Marlowe is a man of few pretensions, ragged and calm, swinging between fawning cats and welcoming pseudo-hippie neighbors, one cigarette after another in an attempt to pass the time or bring death closer to the elegant sound of a Jazz pianist.
Marlowe moves quietly with his gaze fixed on the ground, having little desire to look at the Los Angeles surrounding him that he knows all too well, an eye like his has a mountain of experience weighing on his back that makes him keep his head down; there's no point in looking up, he already knows what's around, and it's nothing particularly good.

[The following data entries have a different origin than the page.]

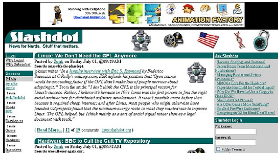
Figura 2 – Página inicial do site do Slashdot

Também, pode-se dizer que Slashdot ( http://slashdot.org ), um grande fórum de discussão na Internet, criado por Rob Malda é inspirado na ética hacker. Em resposta para a entrevista realizada pela autora, ele fala em ter criado um espaço onde as pessoas poderiam discutir coisas que lhes interessavam. E o que a ele interessa é “Linux, Open Source, Freedom of Speech, Freedom of Information, Technology, Gadgets, Toys, Video Games” (MALDA, 2005). Slashdot possui, ainda hoje em dia, um dos modelos de colaboração e moderação de notícias e comentários mais apurados da Internet. A estrutura está baseada em pontos, karmas e, dependendo dessa pontuação, um usuário pode ter ou não a função de moderador. A própria comunidade que se auto administra, como no caso do desenvolvimento do software livre, nesse caso a estrutura está aplicada a notícias.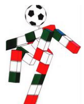
Ciao Italia 90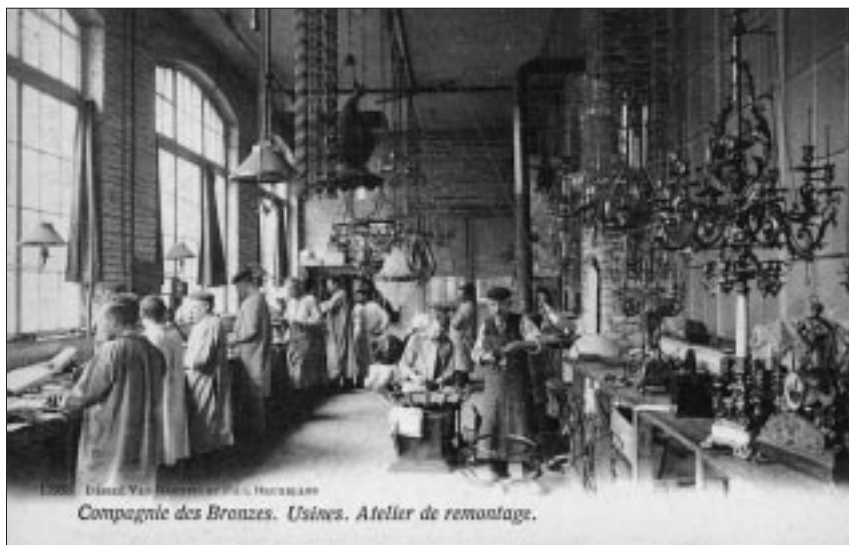
1900. Compagnie des Bronzes. Usines. Atelier de remontage.

voorbeeld doorheen de Brusselse kanaalzone. Hoogtepunt van het najaar wordt ongetwijfeld de tentoonstelling Fabrique d'Art over La Compagnie des Bronzes , ooit gevestigd in de huidige gebouwen van La Fonderie in Molenbeek. La Compagnie des Bronzes werd opgericht in 1854 en was gespecialiseerd in het vervaardigen van bronzen monumenten, kunstvoorwerpen, decoratie en lichtarmaturen. In de tweede helft van de negentiende eeuw verwierf de Compagnie wereldfaam met het gieten van bronzen monumenten, zowel in België (bijvoorbeeld Egmont en Hoorn, de Brabo-fontein) als in het buitenland (bijvoorbeeld het hek van de New Yorkse Zoo en het Lord Leighton -herdenkingsmonument in Engeland). Aan de basis van dat succes lag de technische superioriteit van het atelier, dat ook met de meest vooraanstaande beeldhou-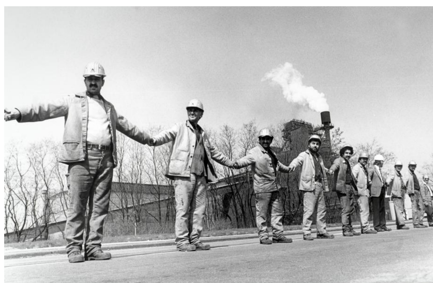
Proteste gegen die Schließung der Henrichshütte in Hattingen (links) und des Stahlwerks Rheinhausen in Duisburg (rechts), beides 1987

Boom der historischen Regio-Kriminalromane in den letzten Jahren. Vergleiche mit Regionalkrimis aus anderen Regionen.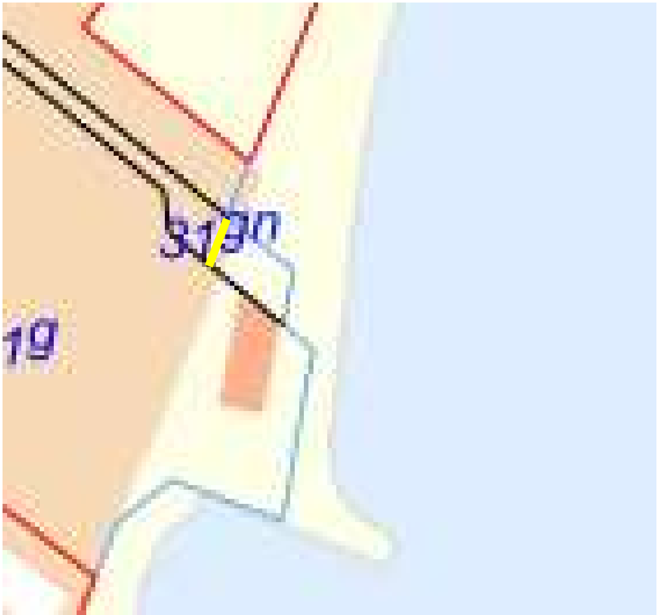
Matr. 31gn - PLACERING AF EKSISTERENDE MUR MARKERET MED GULT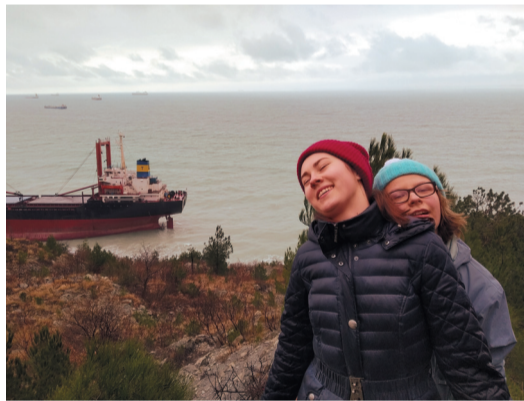
Уставшие, но счастливые. На заднем плане — севший на мель сухогруз RIO

В один из дней мы решили заехать в с. Кабардинка, чтобы посмотреть на сухогруз «RIO», севший на мель после сильного шторма в водах Черного моря в конце декабря 2018 г. Труден был наш путь к кораблю, но ни дождь, ни горы не смогли нас остановить. Сложности пути того стоили: перед нами предстал гигант-корабль с частью экипажа на палубе под флагом Того.

Marlowe is a calm and honest man, ironic and sharp, wandering between a night supermarket and a modest, cozy little apartment on the outskirts with a panoramic view and a small balcony. If you ask him a favor, he won't deny it, he won't ask questions, and he won't request anything in return, but don't pester him too much; he's content in his stupor and has no intention of leaving it.
In Malibu, there’s a cocaine-white residence, villas crammed side by side, and pretty girls with tennis rackets, washed-up drunken writers, and singed, teased women.
In Malibu, there’s a limbo suspended between Hollywood and the ocean, a stand-in for reality with a gate, a guard at the entrance, and four handfuls of suntan oil on top, a community floating in the air in a calendula soap bubble, a privileged human category that, when it gets its ass dirty, has to turn to the "normal" world outside to clean up; it has to appeal to ragged, calm types like Marlowe.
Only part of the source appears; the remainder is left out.